INFORMATION SUPPLIED
◇ ◇ ◇ ◇

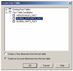 I then select the UNITS_FACT table from the global schema, uncheck the time dimension checkbox (I’ll create this manually in a second) but leave the account dimension checkbox ticked – account dimensions are “dimensions of measures” that Essbase sets up, I might as well get the tool to create this as it’s just a case of create it and leave it, you don’t do much with it afterwards (at least I don’t think you do).
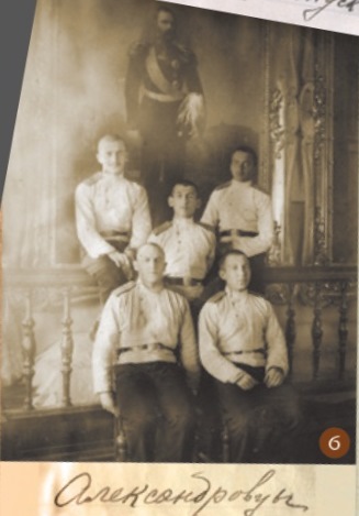 На фотографии 5 крайний справа – Павел Танфильев, младший сын Николая Ивановича Танфильева, генерал-майора Императорской армии (1850–1913). Дядя Павла, Гавриил Иванович Танфильев (1857–1928), был известным учёным, географом, почвоведом, профессором университетов в Санкт-Петербурге и Одессе. Именем Г.И. Танфильева назван остров и пролив в Курильской гряде. После окончания СКК в 1915 году Павел поступил в Морской корпус в Петрограде. По данным РГАВМФ Павел Николаевич Танфильев, старший гардемарин 2-й роты Морского корпуса в сентябре 1916 года заболел, отправлен в госпиталь, где скончался «от острого злокачественного малокровия». По желанию старшего брата, морского офицера, погребён на принадлежащем корпусу участке Смоленского кладбища. Мне удалось разыскать одного из потомков семьи Танфильевых, который живёт в Ульяновске.
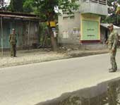 | Security men patrol the deserted streets of Barobisha on Monday. Picture by Anirban Choudhury |
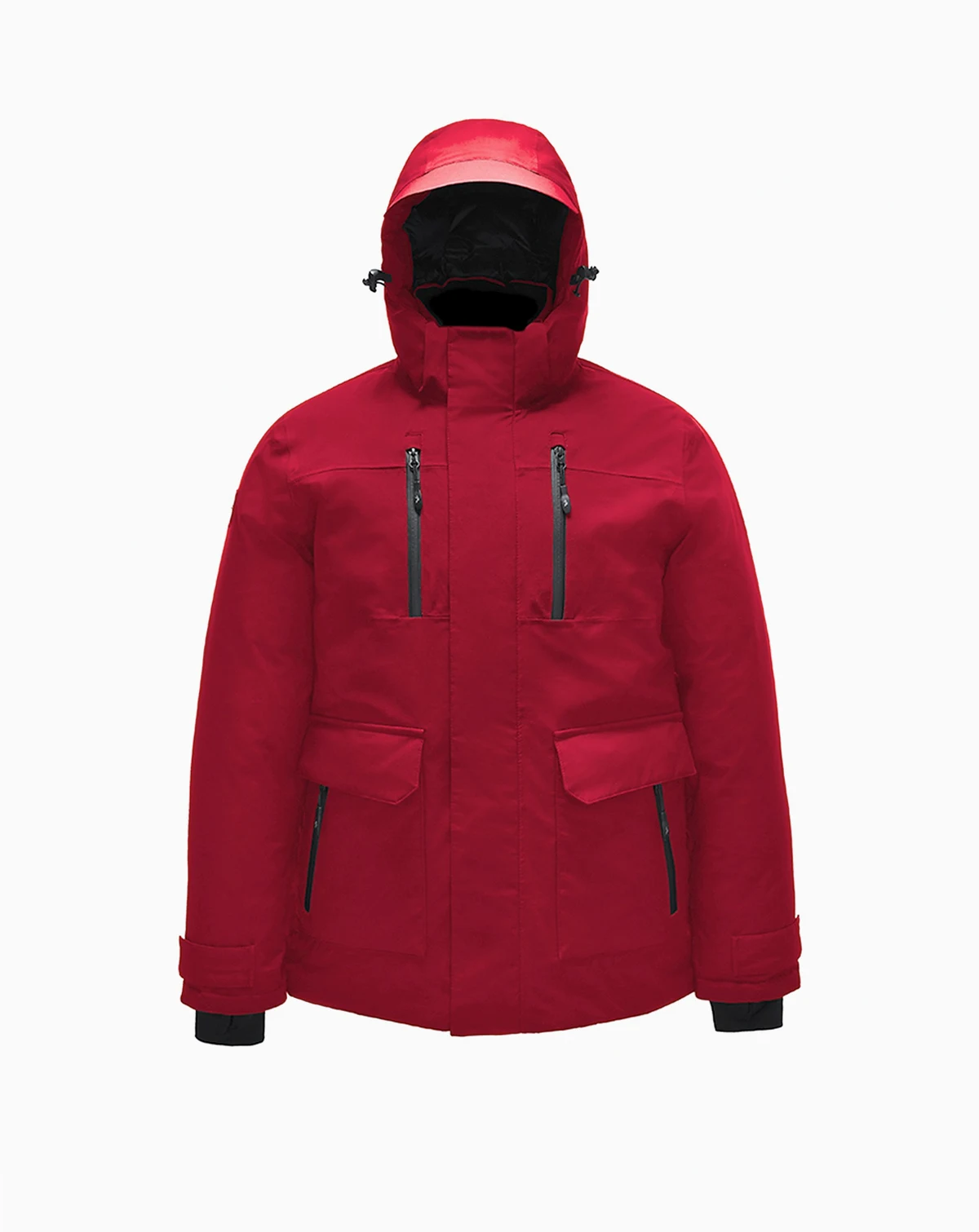 Brand new in our Reforged Supply collection, meet the Anvil short waterproof down jacket - a modern take on winter outerwear designed for the active man. With its shorter length and bomber coat styling, it offers the perfect balance of mobility and protection. Crafted with recycled down and fabrics, it reflects our commitment to sustainability and performance. Its insulated detachable hood, fleece-lined collar, and adjustable cuffs provide customizable comfort and warmth. Equipped with multiple external pockets with water-repellent closures, it ensures easy access to your belongings while on the go. Completely windproof and seam-sealed waterproof, stay dry and stay ahead of the cold.

◇ ◇ ◇ ◇

How would the lines above read from the one with "На фотографии 5" to the one with "Anirban Choudhury |", inclusive, with no pictures? Write them out exactly.

 На фотографии 5 крайний справа – Павел Танфильев, младший сын Николая Ивановича Танфильева, генерал-майора Императорской армии (1850–1913). Дядя Павла, Гавриил Иванович Танфильев (1857–1928), был известным учёным, географом, почвоведом, профессором университетов в Санкт-Петербурге и Одессе. Именем Г.И. Танфильева назван остров и пролив в Курильской гряде. После окончания СКК в 1915 году Павел поступил в Морской корпус в Петрограде. По данным РГАВМФ Павел Николаевич Танфильев, старший гардемарин 2-й роты Морского корпуса в сентябре 1916 года заболел, отправлен в госпиталь, где скончался «от острого злокачественного малокровия». По желанию старшего брата, морского офицера, погребён на принадлежащем корпусу участке Смоленского кладбища. Мне удалось разыскать одного из потомков семьи Танфильевых, который живёт в Ульяновске.
 | Security men patrol the deserted streets of Barobisha on Monday. Picture by Anirban Choudhury |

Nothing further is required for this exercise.